● **Records from a collection**
BEGIN

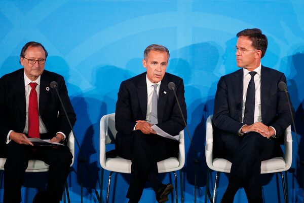 Bank of England Governor Mark Carney, center, is joined by Willis Towers Watson Chief Executive Officer John Haley, left, and Dutch Prime Minister Mark Rutte as he addresses the Climate Action Summit in the United Nations General Assembly, at U.N. headquarters, on Sept. 23, 2019.Jason DeCrow/The Associated Press
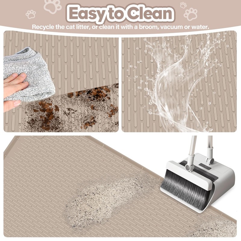 • Comfortable and Lasting Mat: The cat litter mat is made of high-quality silicone, offering a soft texture that protects your cat's paws. Silicone mat is not easy to deform, not easy to damage, and can effectively prevent water seepage, protect your floors
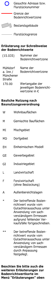 Nach einer Adress-Suche, oder einer Flurstücks-Suche oder einem Kartenklick in eine Zone wird hier der ermittelte Bodenrichtwert angezeigt. Bitte speichern Sie sich die abgefragten Daten im Anschluss als PDF ab!
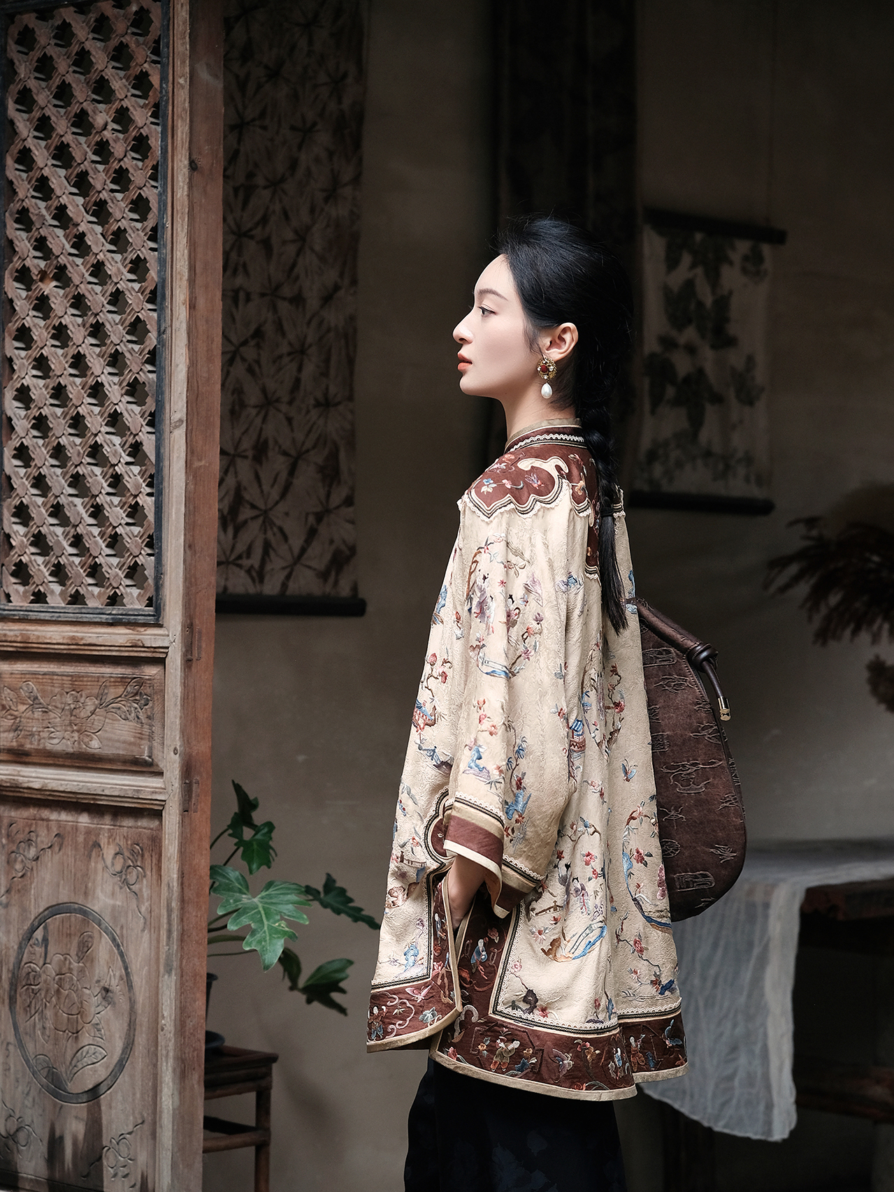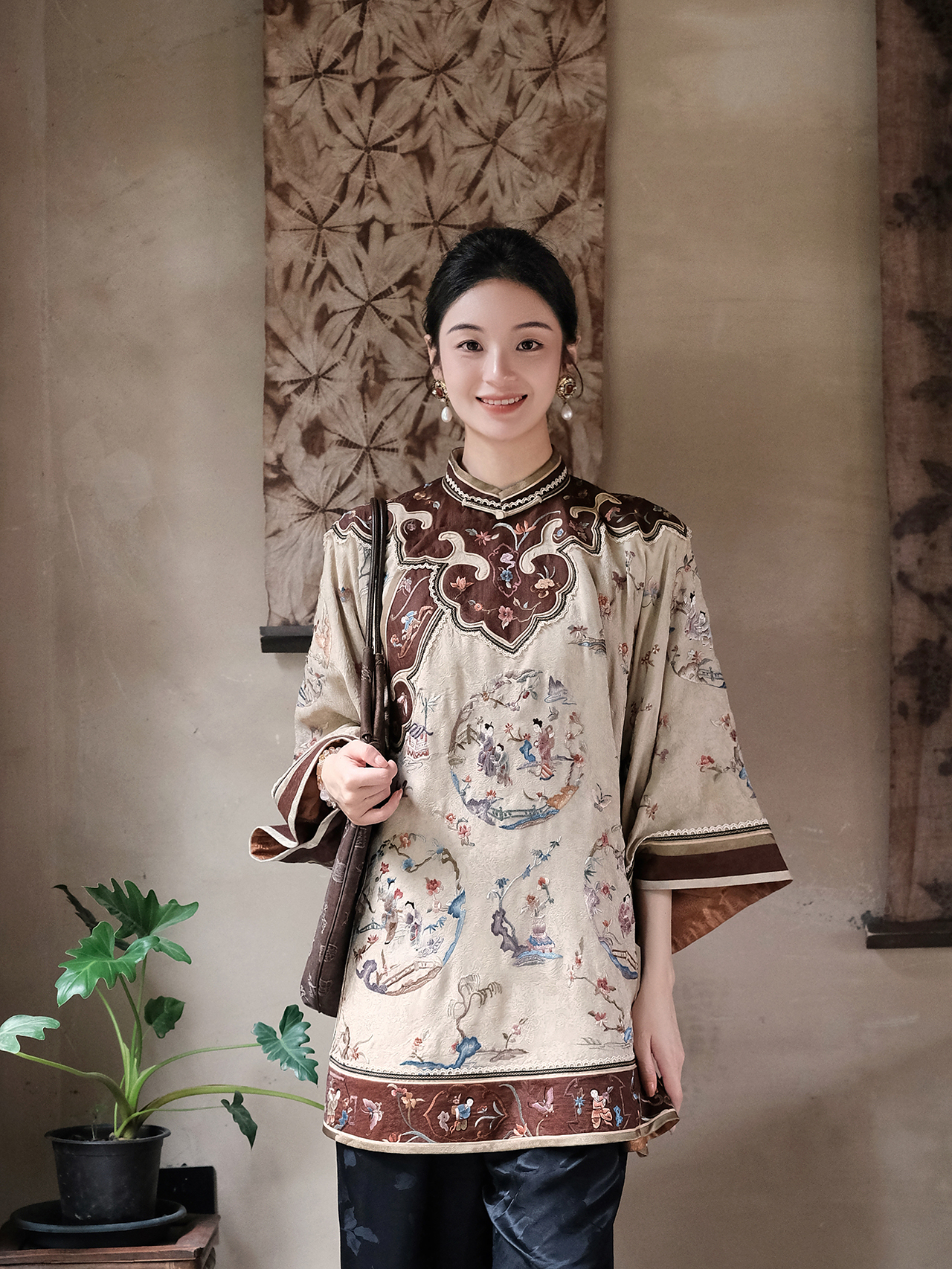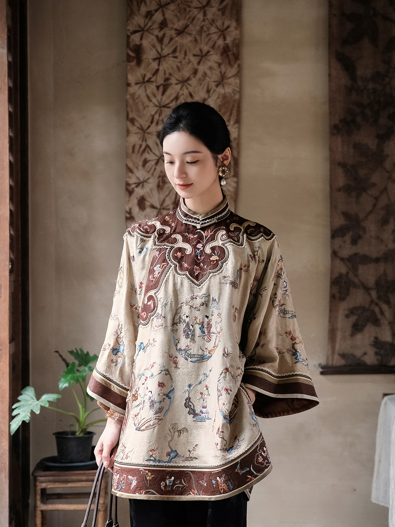 盛唐牡丹盛奢系列|真丝香云纱西厢记团纹外套-咖啡色(特殊商品不退不换)
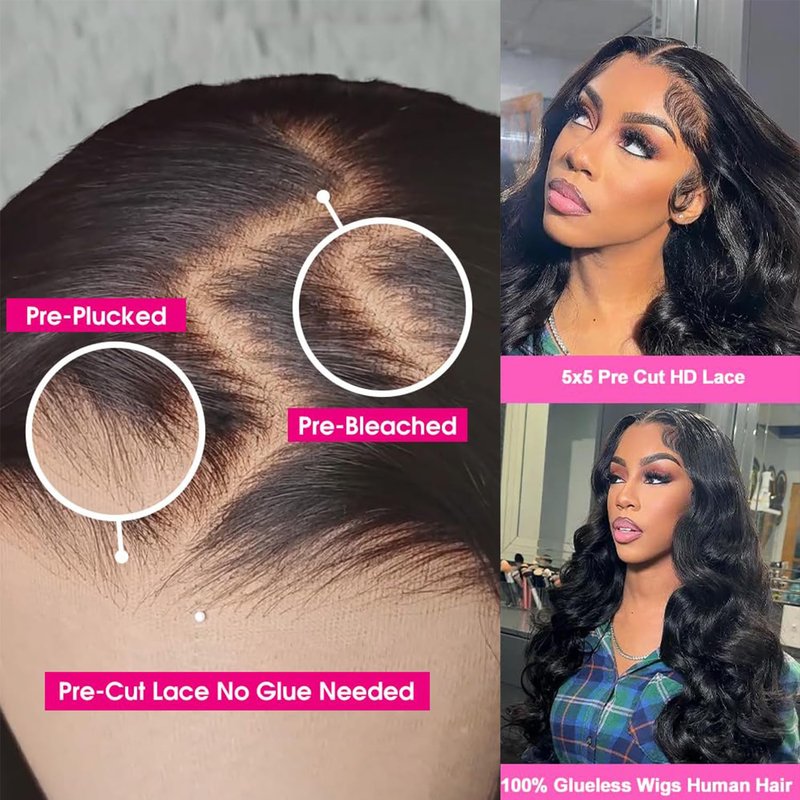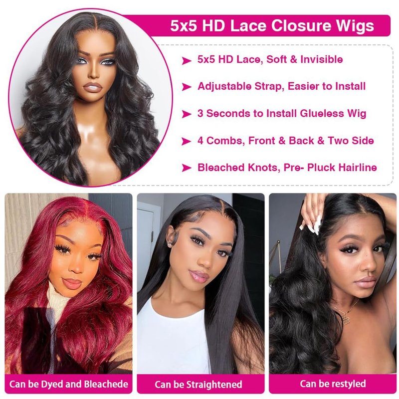 - 【5x5 Lace Closure Wigs Body Wave Advantage】: Glueless 5x5 Hd Lace Closure Human Hair Wigs is Easy To Install, More Healthy, Save Time ,3 Seconds to Install, Quick and Easy, No Skills Needed, Beginner-Friendly. No Glue, No Gel. Pre cut lace glueless wig wear and go, 5X5 Hd lace closure Invisible Lace Area. Pre Plucked Hairline with Baby Hair,Ready to Wear Wigs Glueless Human Hair
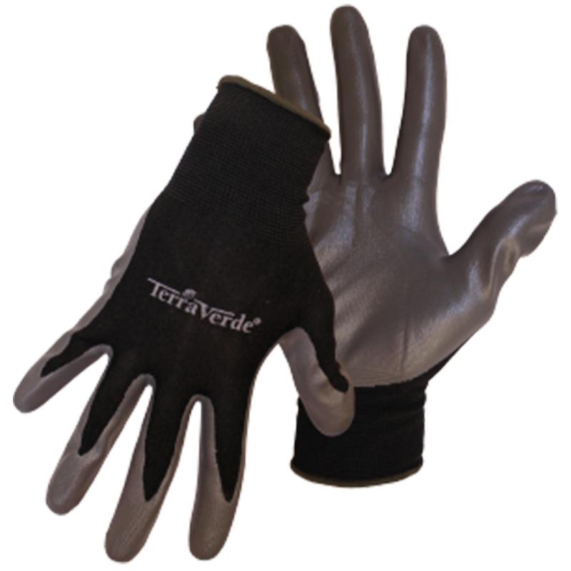 Bellingham Blue Work Gloves have a seamless, 10-gauge, polyester/cotton knit liner, ergonomic shape, and textured rubber palm. Great grip wet or dry. Gray and blue.
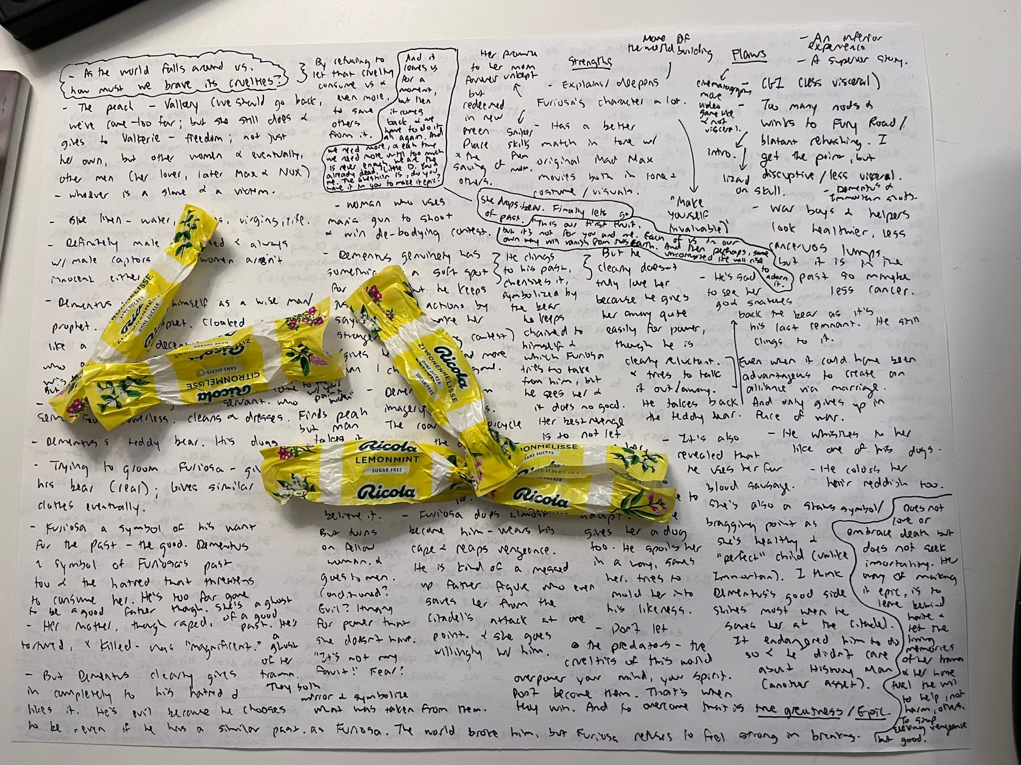 Also, because I know this post might inspire some readers to watch the movie, please know that Furiosa is chock-full of graphic violence and includes instances strongly suggestive of sexual assault and predation as well as child molestation. Though I think the movie deals with these topics in an appropriate manner and not simply for spectacle, you might want to skip on watching Furiosa if these topics are triggering for you.

END

● **WHAT IS REQUIRED**
What is needed is an exact repeat of the records, with every picture left out.

● **EXERCISE RESULT**
 Bank of England Governor Mark Carney, center, is joined by Willis Towers Watson Chief Executive Officer John Haley, left, and Dutch Prime Minister Mark Rutte as he addresses the Climate Action Summit in the United Nations General Assembly, at U.N. headquarters, on Sept. 23, 2019.Jason DeCrow/The Associated Press
 • Comfortable and Lasting Mat: The cat litter mat is made of high-quality silicone, offering a soft texture that protects your cat's paws. Silicone mat is not easy to deform, not easy to damage, and can effectively prevent water seepage, protect your floors
 Nach einer Adress-Suche, oder einer Flurstücks-Suche oder einem Kartenklick in eine Zone wird hier der ermittelte Bodenrichtwert angezeigt. Bitte speichern Sie sich die abgefragten Daten im Anschluss als PDF ab!
 盛唐牡丹盛奢系列|真丝香云纱西厢记团纹外套-咖啡色(特殊商品不退不换)
 - 【5x5 Lace Closure Wigs Body Wave Advantage】: Glueless 5x5 Hd Lace Closure Human Hair Wigs is Easy To Install, More Healthy, Save Time ,3 Seconds to Install, Quick and Easy, No Skills Needed, Beginner-Friendly. No Glue, No Gel. Pre cut lace glueless wig wear and go, 5X5 Hd lace closure Invisible Lace Area. Pre Plucked Hairline with Baby Hair,Ready to Wear Wigs Glueless Human Hair
 Bellingham Blue Work Gloves have a seamless, 10-gauge, polyester/cotton knit liner, ergonomic shape, and textured rubber palm. Great grip wet or dry. Gray and blue.
 Also, because I know this post might inspire some readers to watch the movie, please know that Furiosa is chock-full of graphic violence and includes instances strongly suggestive of sexual assault and predation as well as child molestation. Though I think the movie deals with these topics in an appropriate manner and not simply for spectacle, you might want to skip on watching Furiosa if these topics are triggering for you.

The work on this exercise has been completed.